**Exercise instructions**
No picture belongs in the answer, which must hold exactly the lines from the one with "장수군 송전선로 사업" through the final line below.

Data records
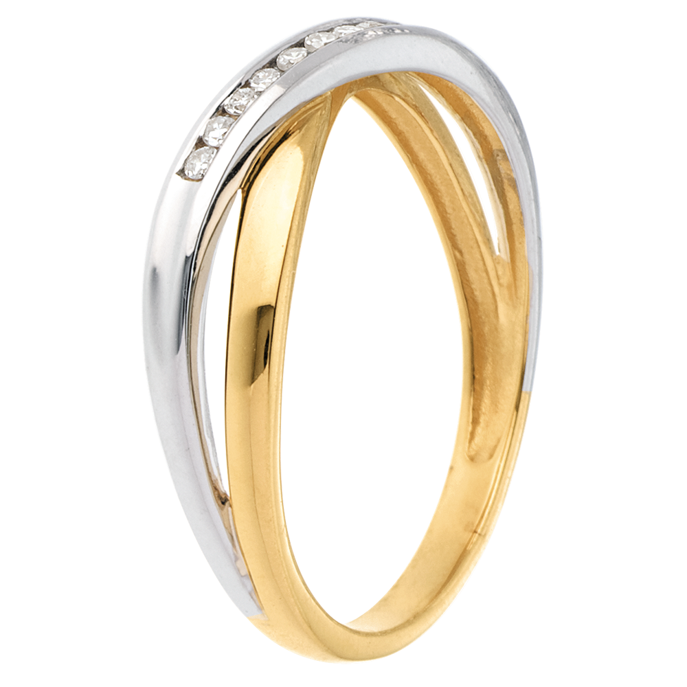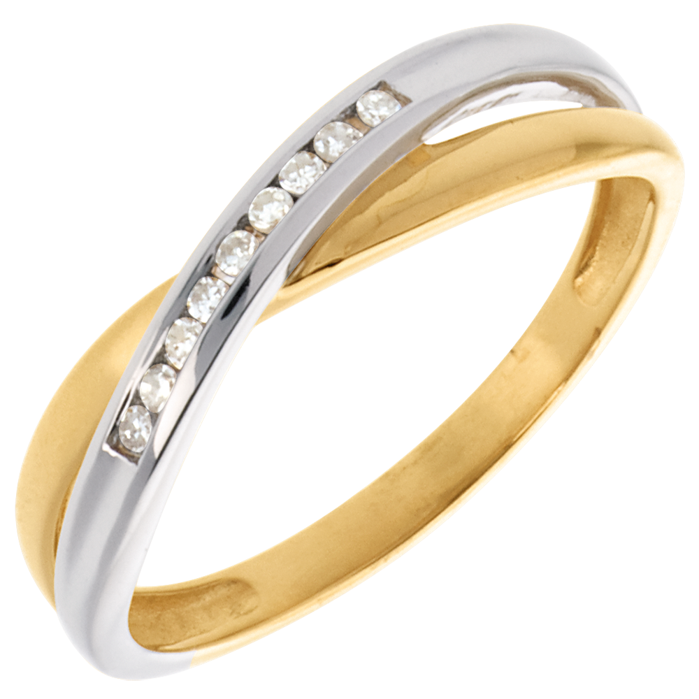 Ring Ellipse in Weiss- und Gelbgold - 9 Diamanten
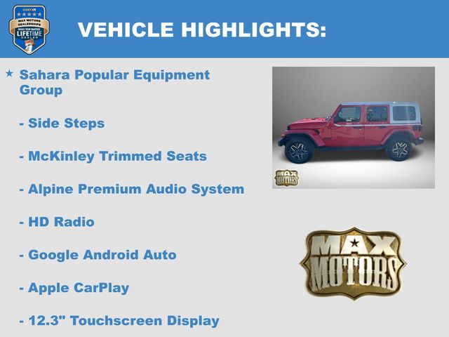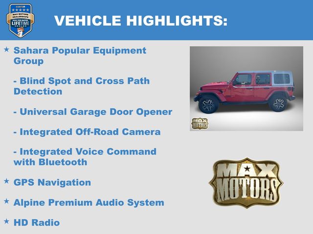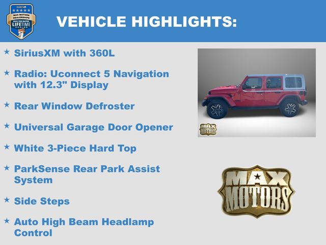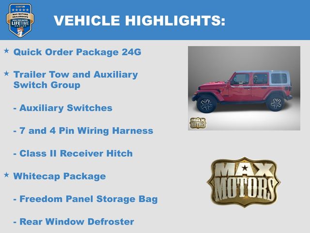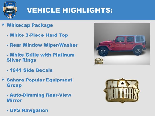 12.3" Touchscreen Display, 1941 Side Decals, 4G LTE Wi-Fi Hot Spot, Alpine Premium Audio System, Apple CarPlay, Auto High Beam Headlamp Control, Auto-Dimming Rear-View Mirror, Auxiliary Switches, Class II Receiver Hitch, Connectivity - US/Canada, For More Info, Call 800-643-2112, Freedom Panel Storage Bag, Google Android Auto, GPS Navigation, Hard Seat Back, HD Radio, Integrated Center Stack Radio, Integrated Off-Road Camera, Leather Wrapped Park Brake Handle, Leather Wrapped Shift Knob, McKinley Trimmed Seats, ParkSense Rear Park Assist System, Power 4-Way Driver Lumbar Adjust, Power 4-Way Passenger Lumbar Adjust, Power Adjust 8-Way Driver Seat, Power Adjust 8-Way Front Passenger Seat, Quick Order Package 24G, Rear Window Defroster, Rear Window Wiper/Washer, Sahara Popular Equipment Group, Side Steps, SiriusXM Radio Service, Universal Garage Door Opener, Wheels: 18" x 7.5" Machine/Painted Gray, White 3-Piece Hard Top, Whitecap Package.
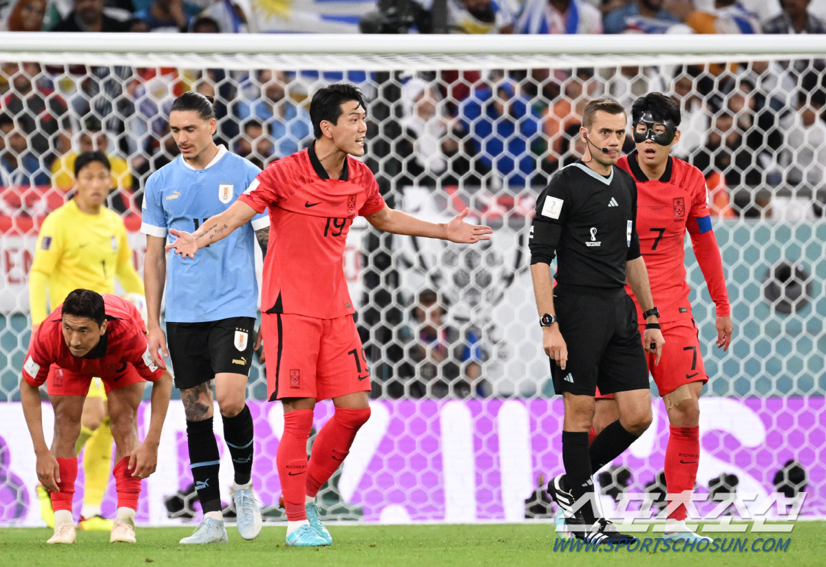 24일 카타르 알라이얀 에듀케이션 시티 스타디움에서 대한민국과 우루과이의 경기가 열렸다. 주심에게 항의하는 김영권. 알라이얀(카타르)=송정헌 기자songs@sportschosun.com/2022.11.24/
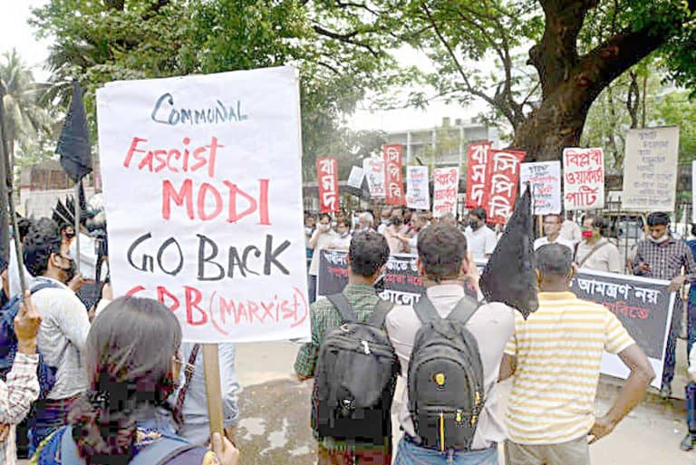 ڈھاکہ: ہندوستان کے وزیر اعظم نریندر مودی کے جاریہ ہفتہ دورہ بنگلہ دیش کی مخالفت میں ڈھاکہ میں احتجاج کا سلسلہ جاری ہے۔ڈھاکہ کے مقامی میڈیا کے مطابق ڈھاکہ یونیورسٹی
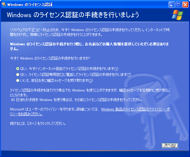 XPは既に公式サポートが終了しているのでラインセンス認証を求められてもアクティベーションできるか心配でしたが、2022年8月時点でも電話でライセンス認証が行えるとのことでした。
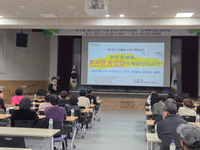장수군 송전선로 사업 반대 대책위원회(위원장 김남수)는 28일 장수군청 군민회관에서 전북환경운동연합 이정현 공동대표로부터 장수군 신규 송전선로 사업 반대 특강을 개최하고 해당 지역과 시민단체 등과 연대해 법적·정치적 대응 투쟁 등 본격적인 활동을 예고했다.
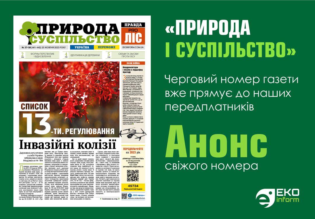 Передплачуйте газету «ПРИРОДА І СУСПІЛЬСТВО» на 2023 рік у відділеннях «Укрпошти» і на сайті peredplata.ukrposhta.ua
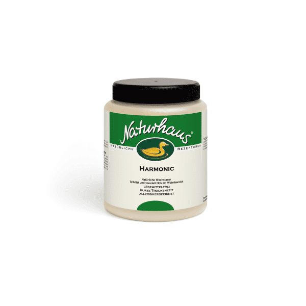 NATURHAUS Harmonic besteht zu 100% aus natürlichen Bienen- und Pflanzenwachsen, Schellack sowie Wasser. Es eignet sich für leicht bis normal beanspruchte Holzflächen im Innenbereich z. B. Wand- und Deckenverkleidungen.

**Result of the exercise**
장수군 송전선로 사업 반대 대책위원회(위원장 김남수)는 28일 장수군청 군민회관에서 전북환경운동연합 이정현 공동대표로부터 장수군 신규 송전선로 사업 반대 특강을 개최하고 해당 지역과 시민단체 등과 연대해 법적·정치적 대응 투쟁 등 본격적인 활동을 예고했다.
 Передплачуйте газету «ПРИРОДА І СУСПІЛЬСТВО» на 2023 рік у відділеннях «Укрпошти» і на сайті peredplata.ukrposhta.ua
 NATURHAUS Harmonic besteht zu 100% aus natürlichen Bienen- und Pflanzenwachsen, Schellack sowie Wasser. Es eignet sich für leicht bis normal beanspruchte Holzflächen im Innenbereich z. B. Wand- und Deckenverkleidungen.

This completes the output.